US6223121B1ExpiredUtility
Air-to-fuel ratio control device
Assignee: MATSUSHITA ELECTRIC INDUSTRIAL CO LTDPriority: Feb 6, 1998Filed: Feb 5, 1999Granted: Apr 24, 2001
Est. expiryFeb 6, 2018(expired)· nominal 20-yr term from priority
F02D 41/1405F02D 2041/1415F02D 2041/1433F02D 41/047F02D 41/1458
61
PatentIndex Score
19
Cited by
6
References
11
Claims
Abstract
A control device for controlling an air-to-fuel ratio when fuel is injected in an internal combustion engine, comprises: a state detecting unit for detecting parameters representing operating states of the internal combustion engine; a counting unit for counting the number of times of explosion in a cylinder just after the engine starts; and a unit for estimating an air-to-fuel ratio just after the engine starts from the operating state parameters and the number of times of explosion.
Claims
exact text as granted — not AI-modifiedWhat is claimed is:
1. A control device for use with an internal combustion engine and for use in controlling an air-to-fuel ratio when fuel is injected in the internal combustion engine, said control device comprising:
a parameter map operable to store basic deposit parameters for a stationary state in which the engine is operating;
a parameter estimating unit operable to estimate variations in deposit parameters for a transient state in which the engine is starting, based on a neural network;
a parameter correcting unit operable to correct the basic deposit parameters according to the variations estimated by said parameter estimating unit; and
a fuel calculating unit operable to calculate fuel injection quantity based on the corrected basic deposit parameters and a fuel deposit model.
2. A control device for use with an internal combustion engine and for use in controlling an air-to-fuel ratio when fuel is injected in the internal combustion engine, said control device comprising:
a parameter calculating unit operable to calculate fuel deposit parameters at the starting of the engine based on a target fuel injection quantity, which is previously determined based on a neuro-engine model representing a dynamic characteristic of an air-to-fuel ratio at the starting of the engine, and an intake manifold pipe deposit model at the starting of the engine, wherein the target fuel injection quantity is to be used to obtain a target air-to-fuel ratio; and
a fuel calculating unit operable to calculate fuel injection quantity at the starting of the engine based on the fuel deposit parameters and the intake manifold pipe deposit model.

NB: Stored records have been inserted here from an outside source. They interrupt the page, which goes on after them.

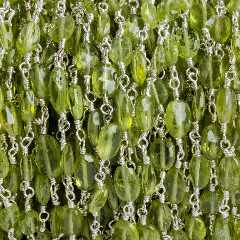 Peridot Faceted Oval Silver Chain by the Foot 25 pieces - The Bead Traders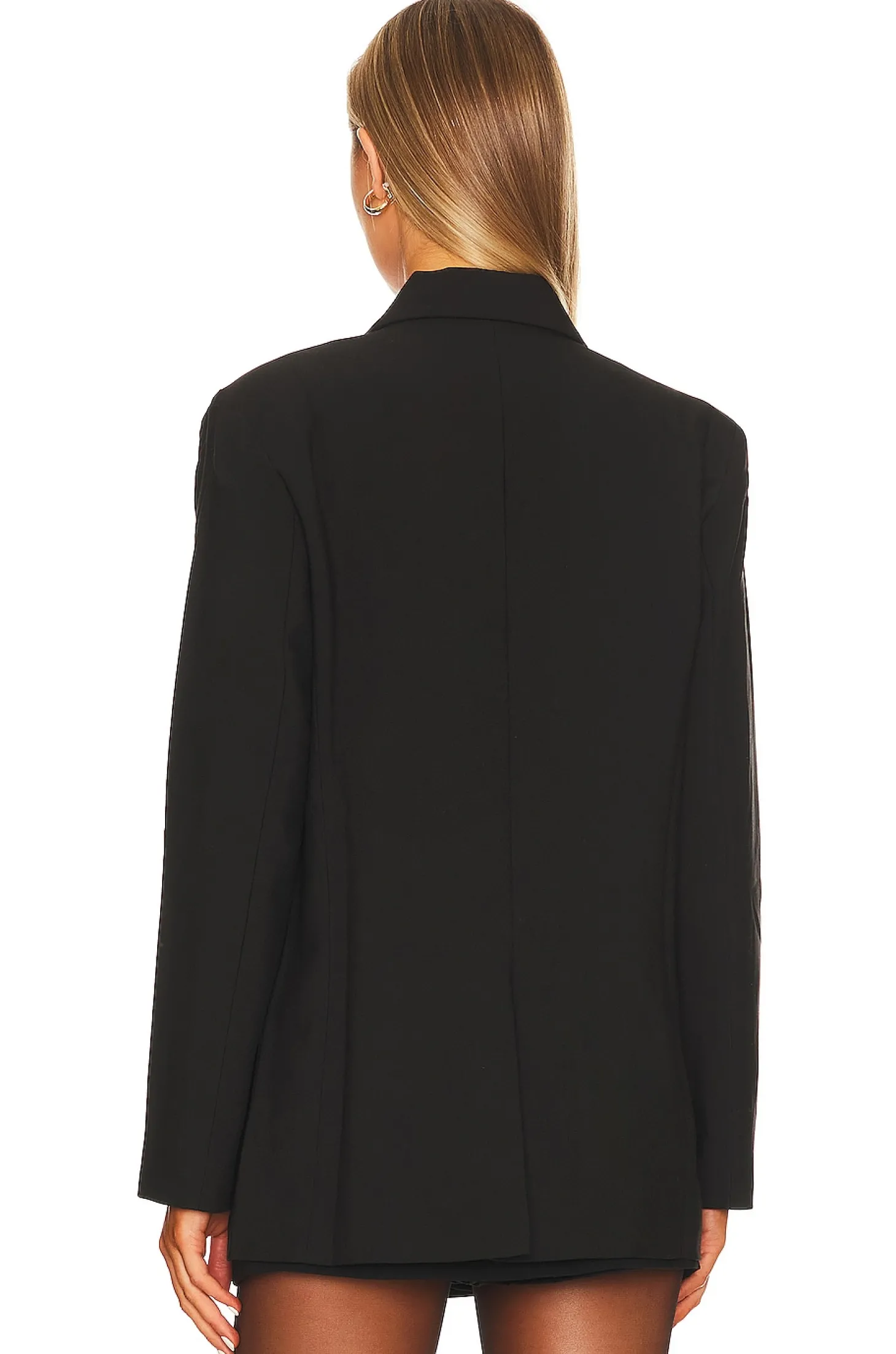 Self: 77% polyester 19% viscose 4% elastane Lining: 97% polyester 3% elastane.Made in China.Dry clean only.Gold-tone front button closure.Front slip pockets.Padded shoulders.Midweight suiting fabric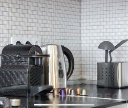 Ортопедический матрас, диван раскладывается на 1 или 2 дополнительных спальных места. Полностью оборудованная кухня, нет посудомойки.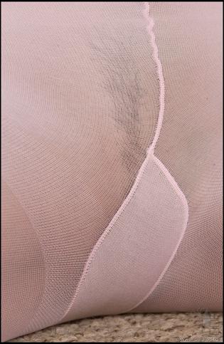 Kristina U in Art Lingerie set Pink Bra Panties Sheer Stockings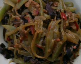 把青笋和木耳翻炒!在将炒好的肉丝也到入翻炒!少时将花椒粉、鸡精、盐放入翻炒!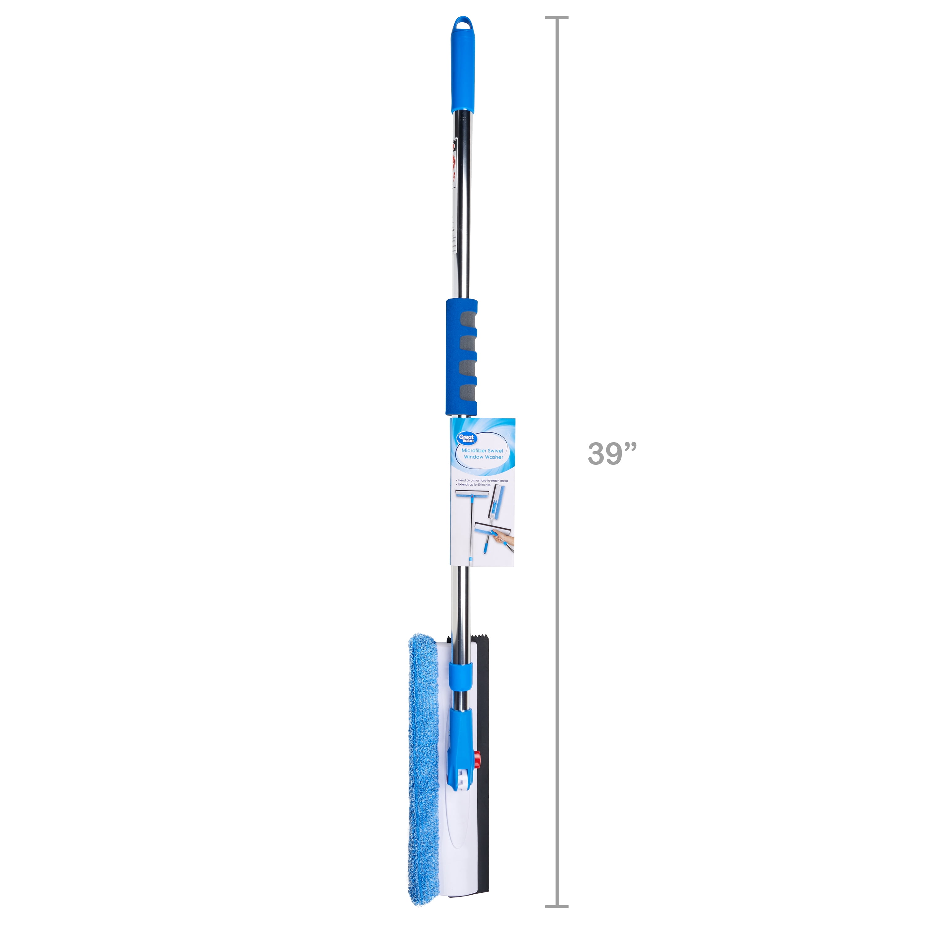 Keep your home clean and attractive with the Great Value Microfiber Swivel Window Washer. With a 100% rubber squeegee on the reverse side for streak-free drying, this window washer is a great way to clean windows and mirrors. The head pivots which makes it easier to get those hard-to-reach areas and the non-rust aluminum handle extends to 60 inches. Add the Great Value Microfiber Swivel Window Washer to your household cleaning supplies.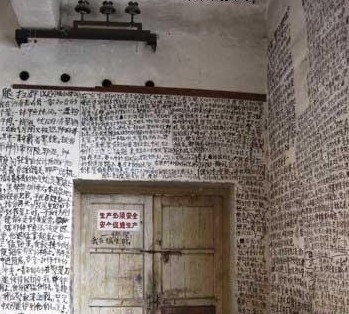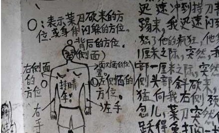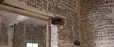 乞丐在废弃房屋墙上写武侠小说 图文并茂!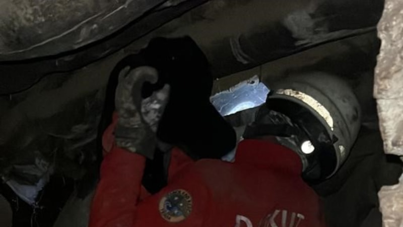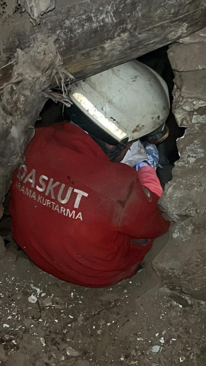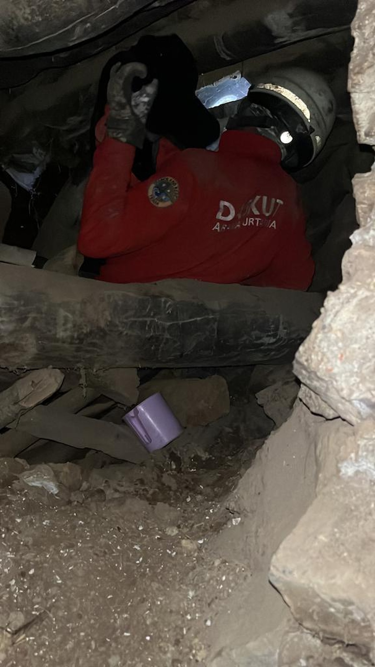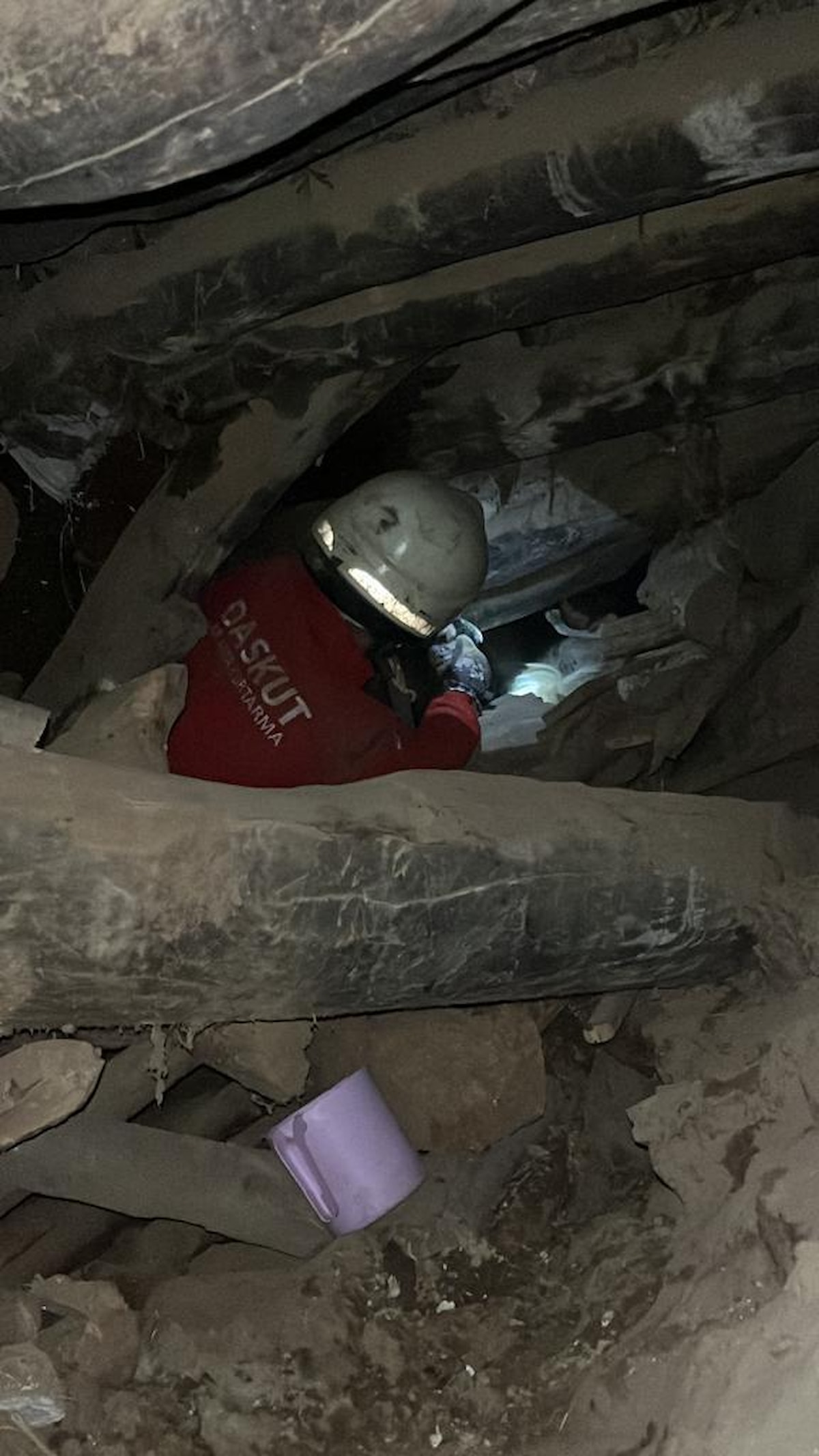 Kahramanmaraş’ın Göksun ilçesine bağlı Karadut köyünde sağlık taraması ve depremzedelere yardım için bulunan DASKUT Arama Kurtarma Derneği ekipleri, ihbar üzerine yaptıkları çalışmada canlı hayvan sesine ulaştı.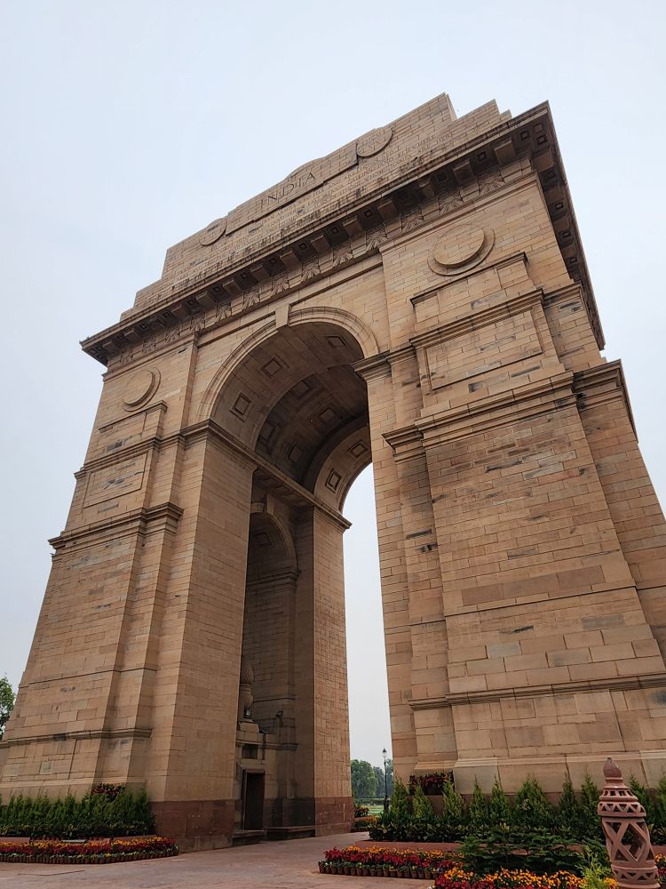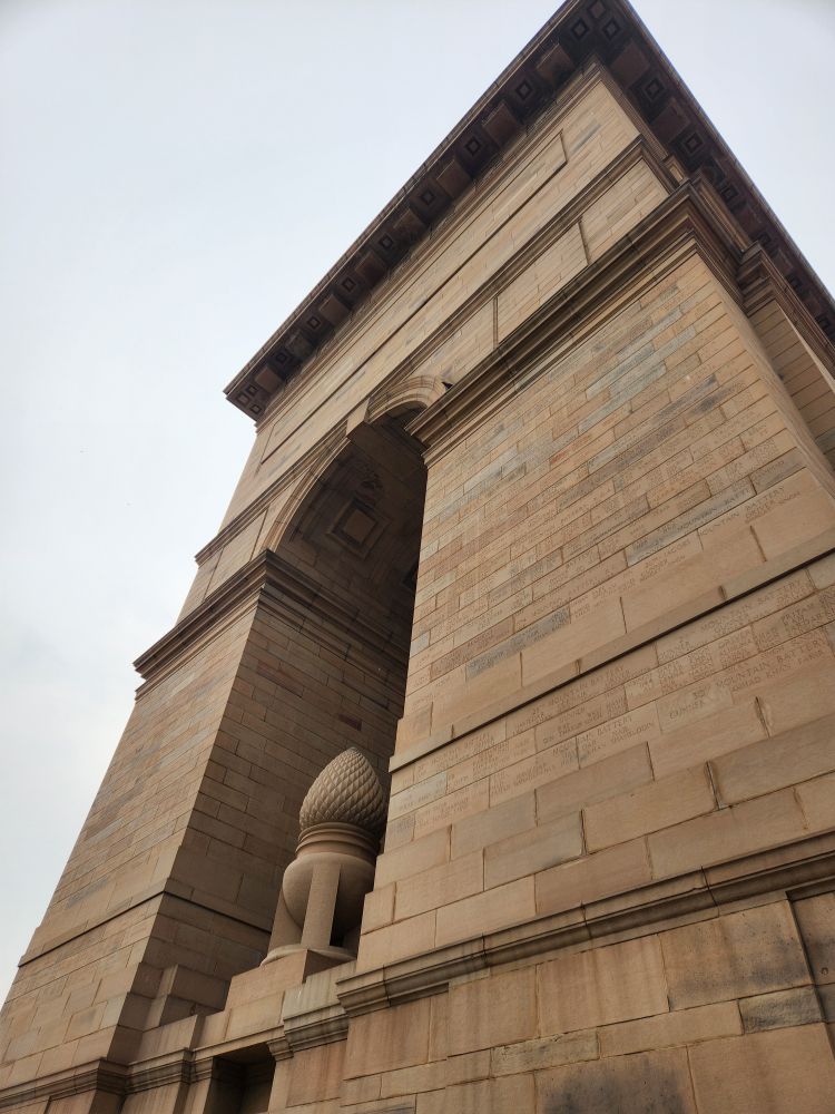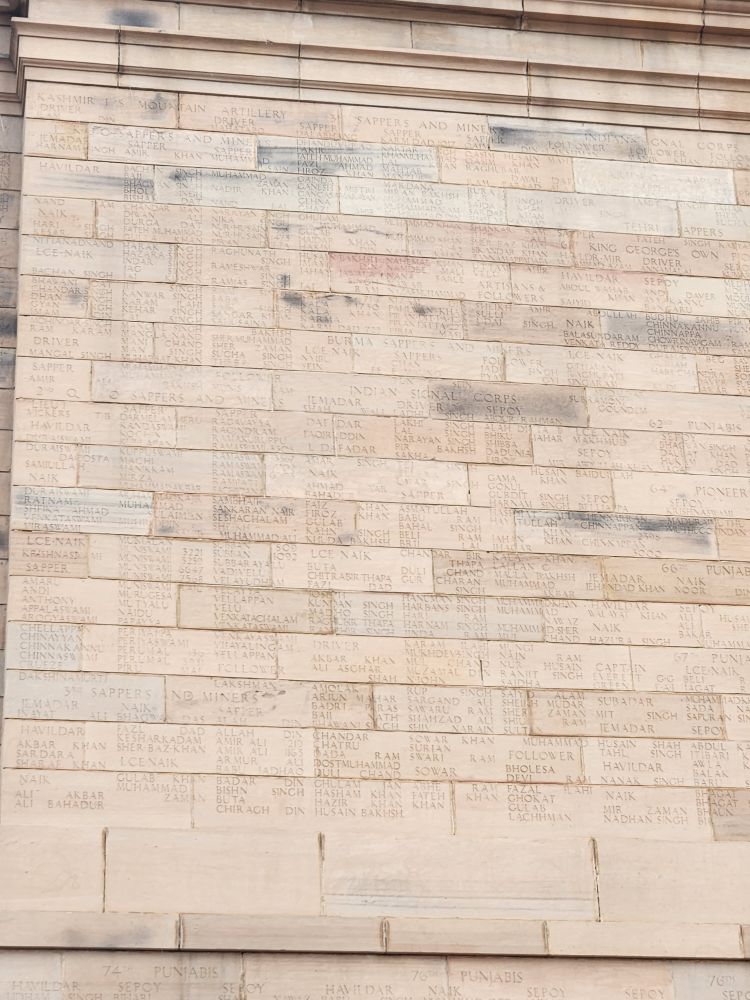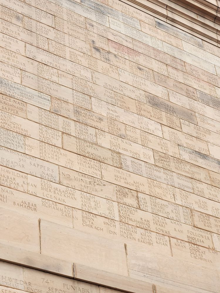 We finally made it here – we’re so excited. In 2019, we were here on Republic Day, one of the biggest holidays of the year and all the streets around the Gate were closed down for parades and celebrations. We couldn’t get near the place – we were barely able to snap pictures from the bus – and you really couldn’t see the gate at all, just the people in the streets. Today? A totally different story. We park and walk through the underground tunnel to the Monument, a memorial dedicated to the more 74,000 soldiers of the Indian Army who died during the first World War. There is hardly anyone around as VP plays photographer, then walks us around the war memorial, pointing out some of the 13,300 names inscribed on the walls.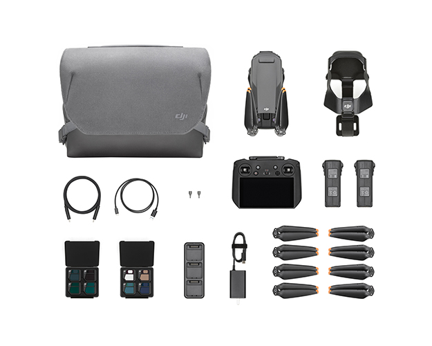 Apple ProRes 422 HQ 動画撮影に対応し、1TB SSDが内蔵されたMavic 3 Cineを同梱。Mavic 3 Cine機体、インテリジェントフライトバッテリー×3、DJI RC Pro、バッテリー充電器、バッテリー充電ハブ、ストレージカバー、プロペラ1組×6、NDフィルターセット(ND4/8/16/32)、NDフィルターセット (ND64/128/256/512)、コンバーティブル キャリーバッグ、DJI 10Gbps高速データ転送ケーブル他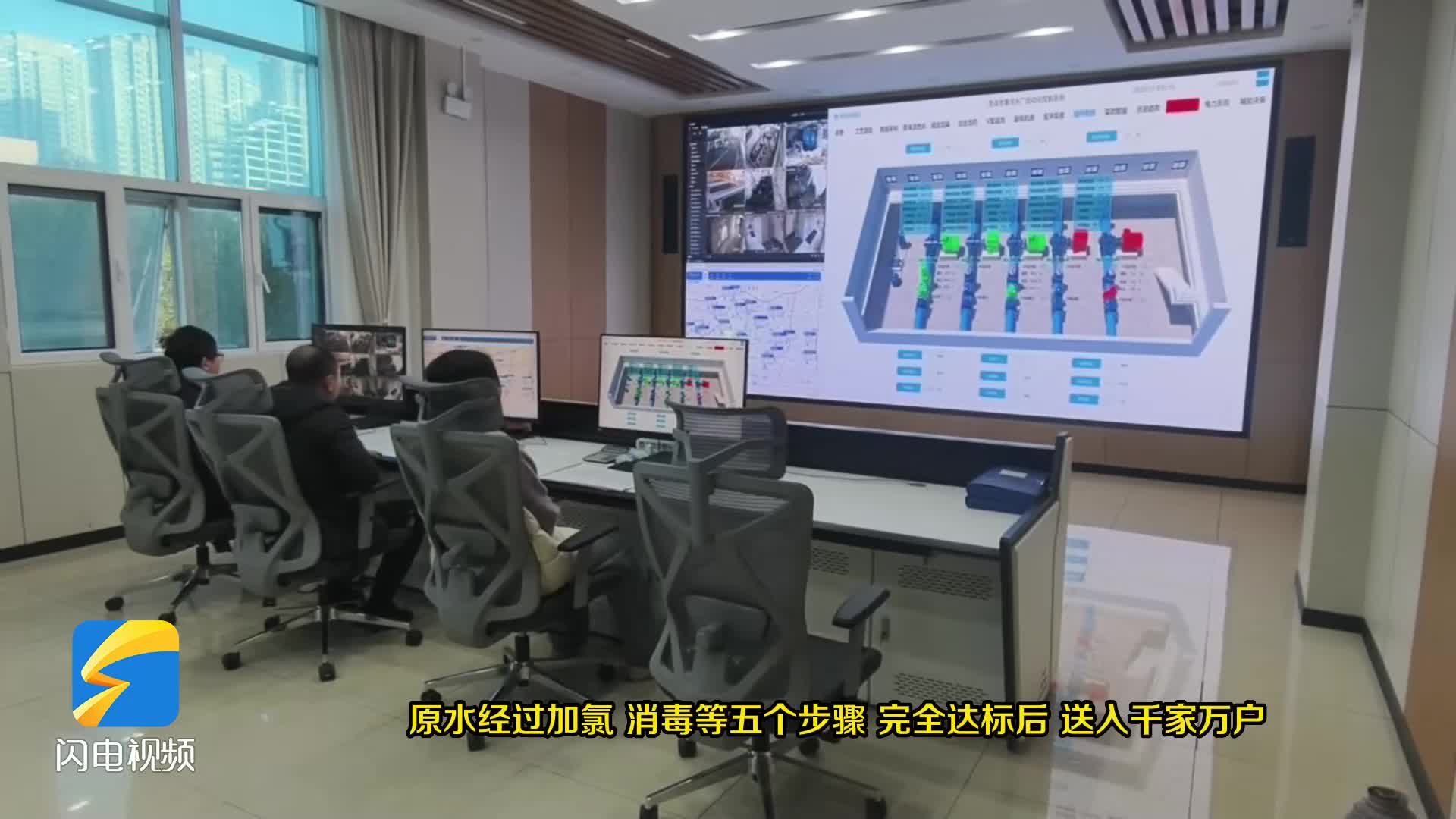 为筑牢水质安全第一道防线,全市各水厂均采用国内成熟的常规水处理工艺,原水进来后一共分为五个步骤,首先加入二氧化氯进行初步的消毒,强力灭杀水中的微生物,然后投加混凝剂,通过折板反应池进入平流沉淀池,通过沉淀池后,水中的浊度可以降低至3个NTU以下,最后进入滤池,通过十格滤池进行过滤,过滤后的水质在0.3NTU以下,最后通过提升泵房把水输送到千家万户。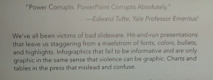 - "We've all been victims of bad slideware. Hit-and-run presentations that leave us staggering from a maelstrom of fonts, colors, bullets, and highlights. Infographics that fail to be informative and are only graphic in the same sense that violence can be graphic. Charts and tables in the press that mislead and confuse."

3. The control device of claim 2 wherein:
said parameter calculating unit is operable to derive parameters of a cylinder deposit model at the starting of the engine based on a neuro-engine model representing a dynamic characteristic of the air to fuel ratio at the starting of the engine, and
said fuel calculating unit is operable to calculate the fuel injection quantity at the starting of the engine based on parameters of intake manifold pipe deposit, the parameters of cylinder deposit, the intake manifold pipe deposit models and the cylinder deposit model at the starting of the engine.
4. The control device of claim 3 , wherein:
said parameter calculating unit is operable to derive the parameters of the intake manifold pipe deposit model and the parameters of cylinder deposit model at the starting of the engine, while taking evaporation temperature of gasoline into account, based on the neuro-engine model representing the dynamic characteristic of the air-to-fuel ratio at the starting of the engine.
5. A control device for use with an internal combustion engine and for use in controlling an air-to-fuel ratio when fuel is injected in the internal combustion engine, said control device comprising:
a parameter map operable to store fuel deposit parameters at the starting of the engine;
a correction coefficient calculating unit operable to calculate correction coefficients for correcting the fuel deposit parameters at the starting of the engine so as to obtain a target air-to-fuel ratio at the starting of the engine; and
a fuel calculating unit operable to calculate fuel injection quantity at the starting of the engine based on the fuel deposit parameters, the correction coefficients, and a fuel deposit model.
6. The control device of claim 5 , wherein:
said correction coefficient calculating unit is operable to calculate the correction coefficients based on a neural network engine model at the starting of the engine.
7. The control device of claim 5 wherein the correction coefficients are data given in time series just after the engine starts.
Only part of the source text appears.